We deal with various types of personal injury claims including road traffic accident claims. We deal with claims on behalf of injured motorcyclists or cyclists. If, as a motorcyclist or cyclist, you were injured in an accident that was not your fault, then you may be entitled to claim compensation. You can still make a claim though even if you were not wearing a helmet. Obviously you should have been wearing a helmet and this will be taken into account, but a failure to wear a helmet (or other protective clothing/equipment for that matter) will not stop you from making a claim and being successful in recovering compensation.
In this type of scenario something called “contributory negligence” may apply. Basically the Defendant is likely to argue that you were contributory negligent due to your failure to wear a helmet. A failure to wear a helmet could mean that your injuries are more severe/serious, in comparison too wearing a helmet. The more serious the injury and effect on your life, the more your claim is likely to be worth (there are other factors to consider in terms of valuing a claim such as litigation risk).
The Defendant is likely to argue that there should be some deduction from your claim to account for the contributory negligence of failing to wear a helmet. The amount of this deduction is to be agreed between the parties or decided by a Court. Contributory negligence can never be a complete defence, i.e. you cannot be 100% contributory negligent. Say for example that a liability split of 60/40 is agreed in your favour. This would mean that you accept that you are 40% to blame (contributory negligent) for the accident or extent of injury that you sustained. This means that 40% would then be deducted from any settlement amount the Defendant pays out.

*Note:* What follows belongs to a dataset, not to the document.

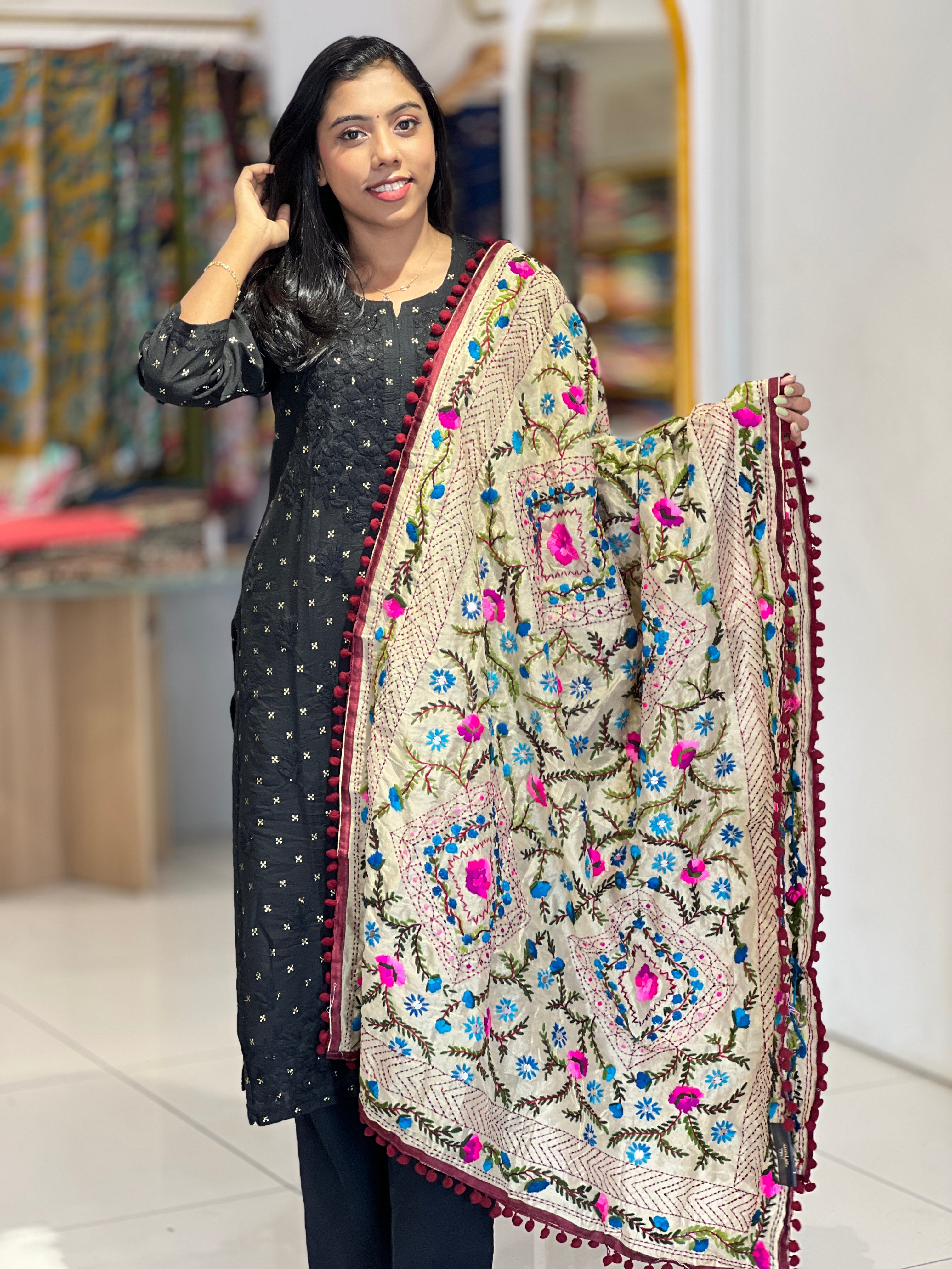 • Traditional Thread Embroidery Detailed Chanderi Finish Dupatta | VET285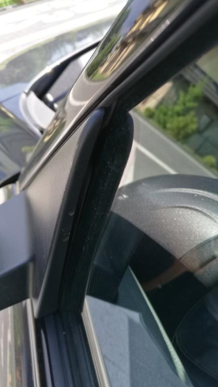 Niestety okazało się, że uszczelka przy lusterku jest zawinięta.

This will usually be done as follows – the insurers will come up with a value for your claim at 100% level (say £1,000 for illustration purposes). The insurers will then deduct 40% for your contributory negligence (equates to £400) and make an offer in the sum of £600. Therefore you can see how contributory negligence can affect the amount of compensation that you receive/are offered. Obviously it is for the Defendant to raise contributory negligence in the first place and for both parties to argue the amount of contributory negligence (i.e. 10%, 20%, etc).
It is generally accepted in law that, for a deduction to be made (due to contributory negligence) the Defendant must prove that the failure to wear a helmet would have contributed to the Claimant’s injuries or made them less severe. This may seem easy to satisfy, but with cyclists it has proved difficult to satisfy in past cases. Only recently in the case of Reynolds v Strutt and Parker did the Court apply a deduction in damages for an injured cyclist. However this accident did not involve a motor vehicle, only other cyclists. Therefore the speed was relatively low and it was within the speed that cycle helmets are tested at. Therefore it could be shown that the helmet would have reduced the severity of the injury. If it was an accident with a car at higher speed then a Court may come to the decision that the helmet would not have made a difference to the injuries and therefore no contributory negligence would apply.
If no head injury was sustained, the Defendant would find it hard to argue that your failure to wear a helmet has made your injuries worse though.